A 3D Parallel Algorithm for QR Decomposition

Grey Ballard,James Demmel,Laura Grigori,Mathias Jacquelin,Nicholas Knight
DOI: https://doi.org/10.48550/arXiv.1805.05278
2018-05-15
Abstract:Interprocessor communication often dominates the runtime of large matrix computations. We present a parallel algorithm for computing QR decompositions whose bandwidth cost (communication volume) can be decreased at the cost of increasing its latency cost (number of messages). By varying a parameter to navigate the bandwidth/latency tradeoff, we can tune this algorithm for machines with different communication costs.
Distributed, Parallel, and Cluster Computing
What problem does this paper attempt to address?
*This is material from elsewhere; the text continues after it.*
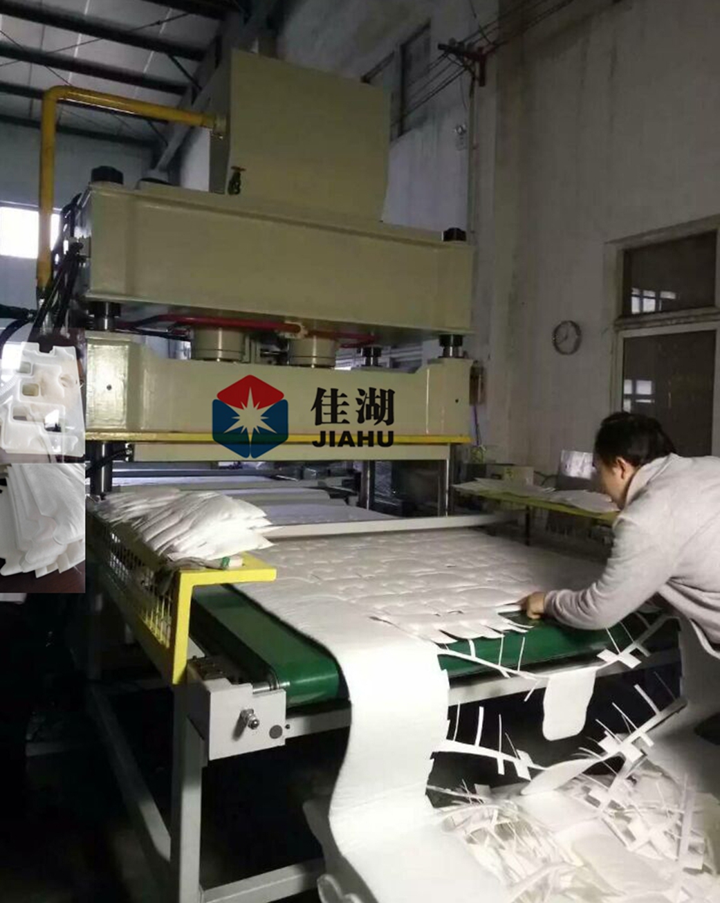 本機器是吸音棉成型裁斷的理想設備;能滿足吸音棉的壓制成型;汽車隔熱墊,隔音氈等產品的冷熱成型裁切生產。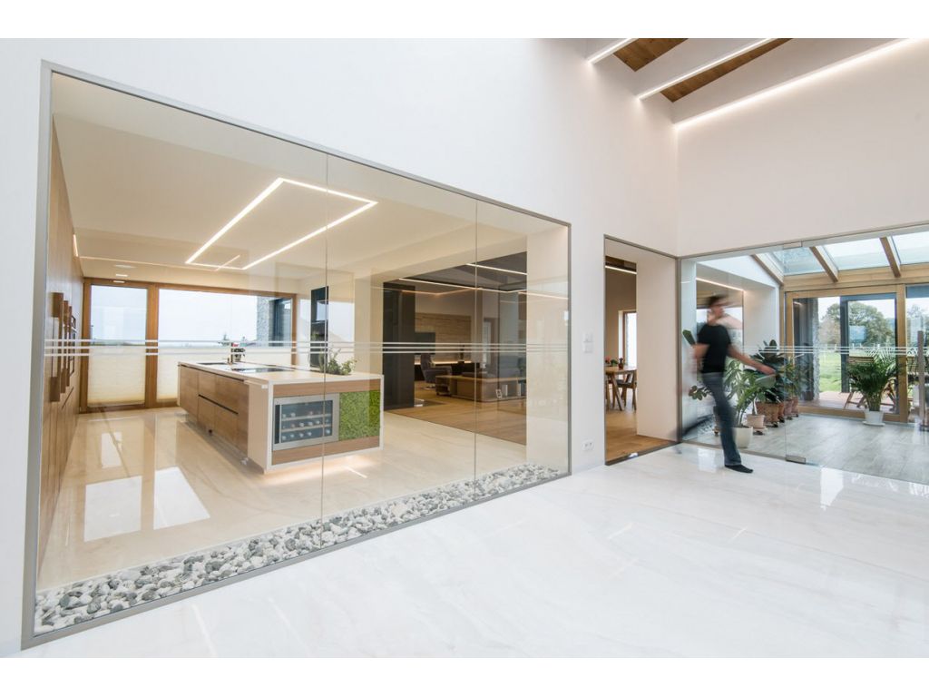 Dům v srdci Hané je moderní, minimalistický a plně funkční. Dominantním prostorem interiéru je prostorná hala, z níž se paprskovitě rozbíhají jednotlivé části domu. V interiéru byly použity jemné přírodní barvy a materiály, které navzájem propojuje dubové dřevo (dlažba) s bílou barvou, travertinem a přírodním lišejníkem.

The problem that this paper attempts to solve is that in large - scale matrix calculations, the communication time between processors often dominates the running time. For this reason, the author proposes a parallel algorithm for computing QR decomposition, which can be adjusted by parameters to make a trade - off between bandwidth cost (traffic) and latency cost (number of messages). Specifically, the goals of the paper are: 1. **Reduce communication bandwidth cost**: By designing a new 3D parallel algorithm, reduce the amount of data transfer between processors, thereby reducing the bandwidth cost. 2. **Increase latency cost in exchange for a reduction in bandwidth cost**: By increasing the number of messages to reduce the amount of data transferred per message, thereby achieving a reduction in bandwidth cost. 3. **Adapt to machines with different communication costs**: By adjusting a parameter, the algorithm can optimize performance on machines with different communication costs. The main contribution of the paper is the proposal of the 3D - CAQR - EG algorithm, which is a method of extending the Elmroth - Gustavson recursive algorithm to a distributed - memory environment and uses communication - efficient subroutines. This algorithm is particularly effective when dealing with tall - skinny matrices and can significantly reduce the communication bandwidth cost, although this will lead to an increase in latency cost.